Obviously, this is nowhere near a production product yet. I don't even know if the Ethernet interface works properly yet, let alone how to make it into a nice physical object. But people seemed pretty interested, so here we go...
I'm definitely intested - especially since it seems like the ESP32 can be coerced into a Localtalk interface for other host computers (like an Apple II)
The fujinet project is a parallel system that can meet certain networking needs as well, so I'm excited for the ESP32 future
 

cheesestraws

Well-known member
Sorry I haven't done anything much on this recently, the combination of work + poor mental health + unexpected success of AirTalk has kind of used up my hobby time.

especially since it seems like the ESP32 can be coerced into a Localtalk interface for other host computers (like an Apple II)

The ESP32 + TashTalk combination is very nifty for LocalTalk connectivity stuff, certainly, as AirTalk kind of demonstrates. Though for LocalTalk in general, there's little special about it that other decent speed microcontrollers can't do: the magic is all in the TashTalk.

The killer combination that the ESP32 has is good developer ergonomics + lots of integrated peripherals + lots of example code. The barrier to entry is very low, but without being a toy.
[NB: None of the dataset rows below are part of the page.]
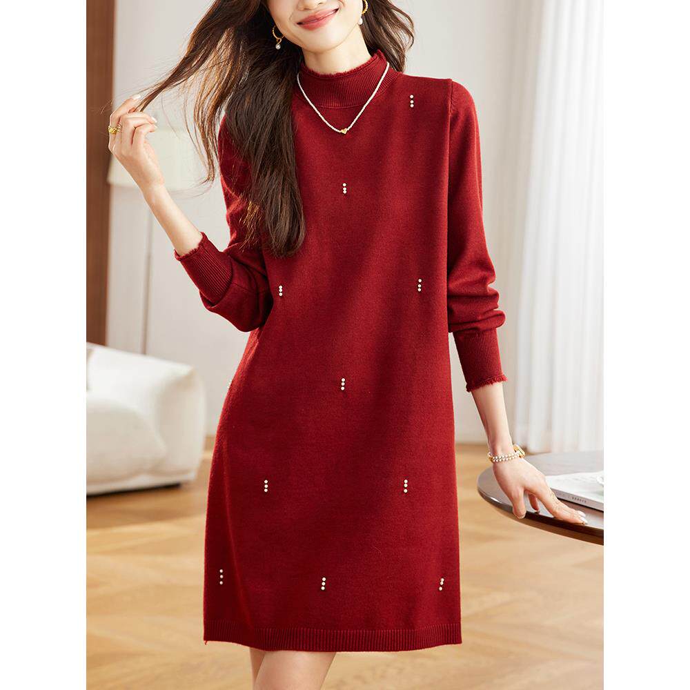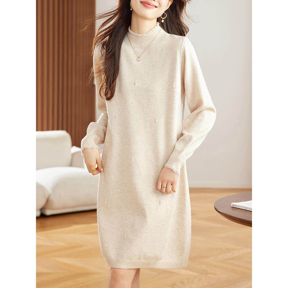 洋气大码秋冬中长款针织连衣裙胖妈妈200斤宽松遮肚子打底毛衣裙
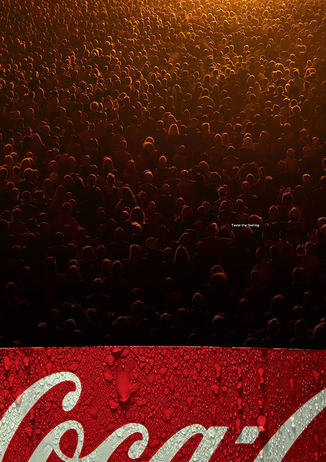 Створюючи нову рекламу для Близького Сходу, Coca-Cola використовувала зображення безлічі людей. Якщо придивитися, на принтах можна побачити людей, які схожі на бульбашки газованої води. Дизайнери порівняли почуття від споживання напою з тим, що фанати переживають на концерті улюбленої групи.
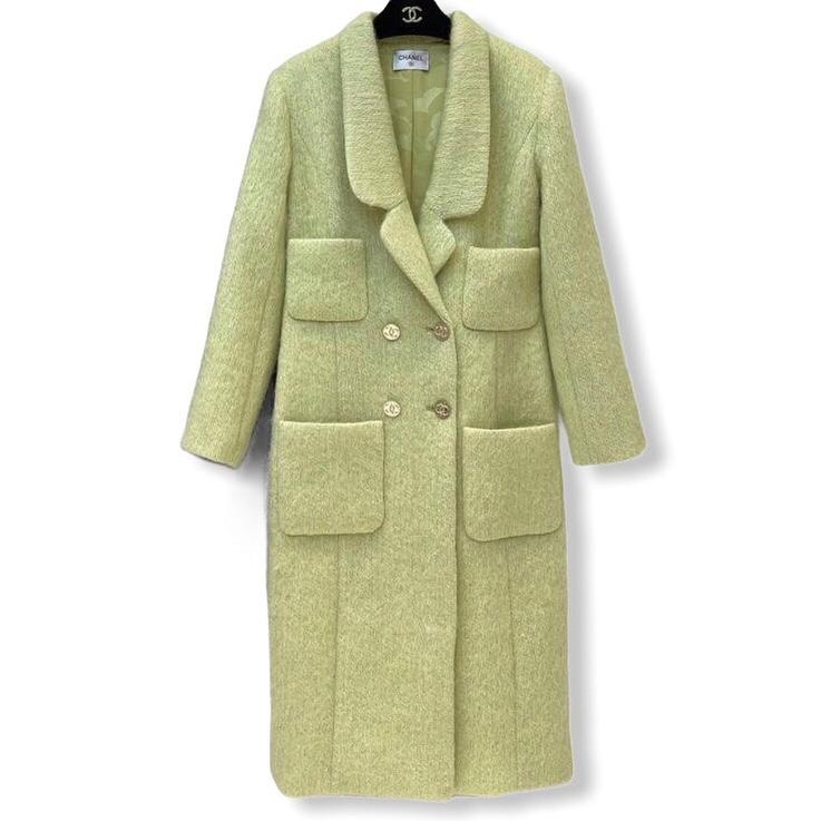 Это элегантное пальто Chanel LUX-44193 в нежном светло-зеленом оттенке. Модель выполнена в классическом стиле, идеально подходящем для создания изысканных образов. Пальто имеет двубортный крой, акцентированный крупными накладными карманами, которые добавляют изделию функциональности и стиля. Детали, такие как пуговицы с логотипом бренда, подчеркивают его эксклюзивность.
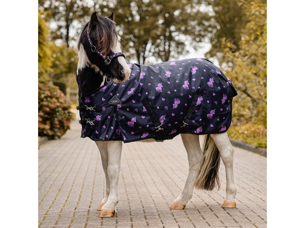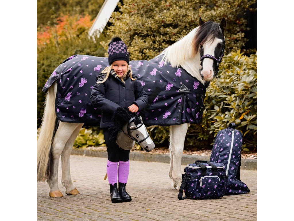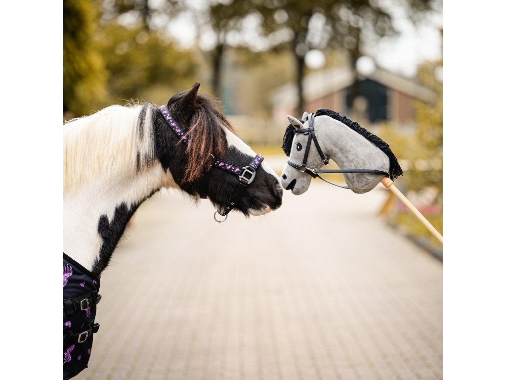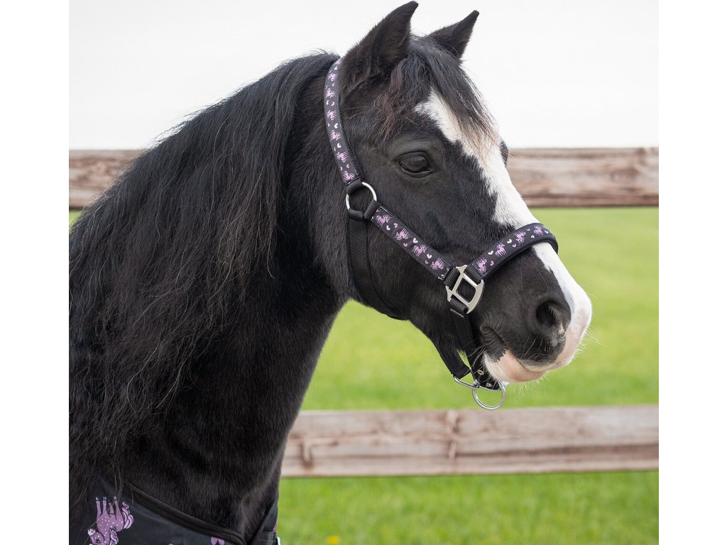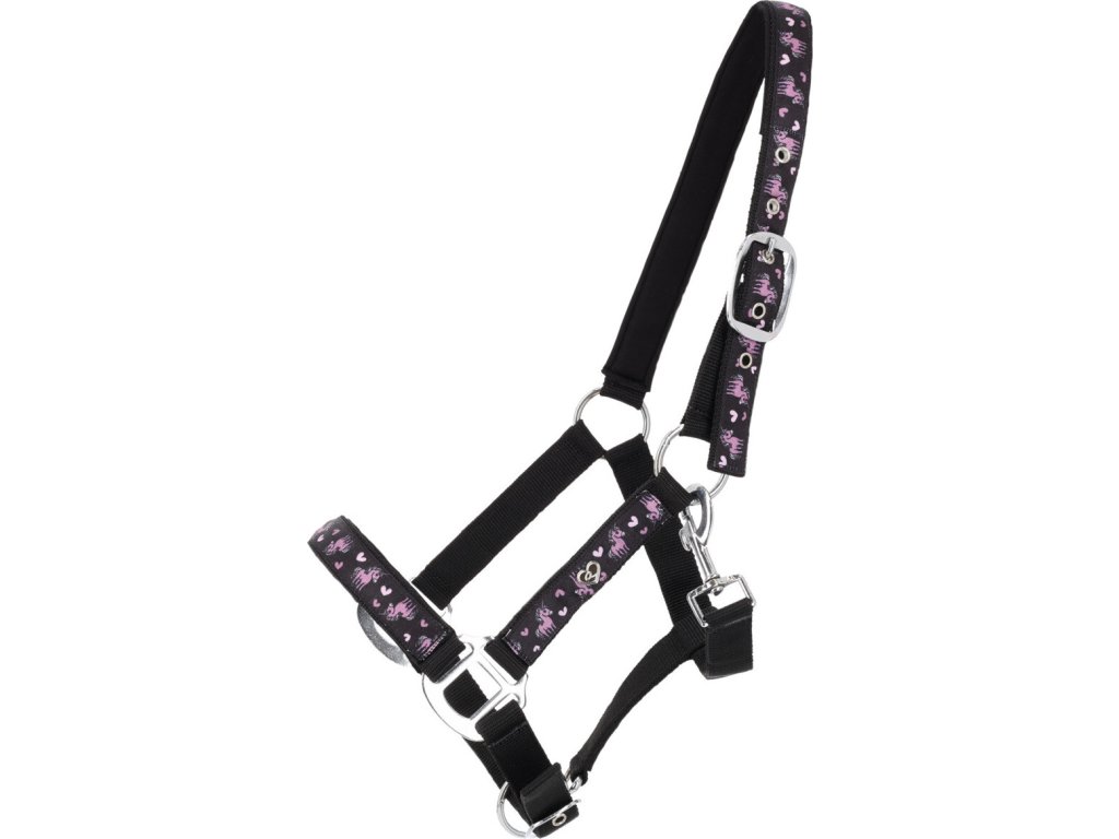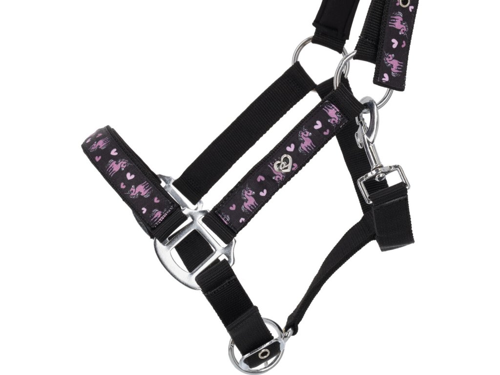 Wygodny kantar z kolekcji Lize, ozdobiony nadrukiem, który nadaje mu radosny wygląd. Kantar jest podszyty w okolicach nachrapnika i paska potylicznego i ozdobiony uroczą klamrą w kształcie serduszka. Rozmiar można regulować w zależności od potrzeb.
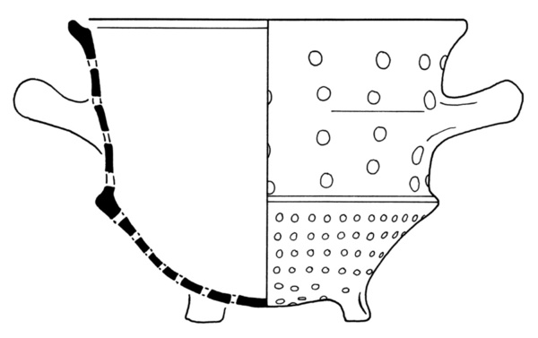 | 4b | diep vergiet met knik bodem-wand en hoge zijwand met afgeplatte rand, poten |

You can build very polished, professional systems using the provided toolchain, and you can write non-trivial software using that toolchain without jumping through too many hoops (which isn't really the case with things that prefer to use the Arduino IDE, for example).

It's interesting that the success of the integrated WiFi on the ESP32 series has slightly overshadowed its other useful peripherals, to the point where I've seen people asking "if you're not using WiFi why use an ESP32 at all". I'm not a professional at this, so I wouldn't give professional advice, but for hobby projects that need any kind of connectivity, I think it's worth a look, even if not WiFi...
 

khaz

Member
Hi there, small end user here. I just found this thread and I have to say that a successor to the asantetalk would be a pretty damn good device to have! No hurry though, we know these things take time.

Have you considered optionally using PoE to power your device? Given it would be always connected, having one fewer wire would be great for people with the capable network.

In the previous thread there was a discussion about your box being an Apple time server, to which you replied it would need an RTC (I'm paraphrasing). Maybe it would be simpler to instead be a proxy to a modern NTP server?

Regardless, thanks for taking the time to make all these devices!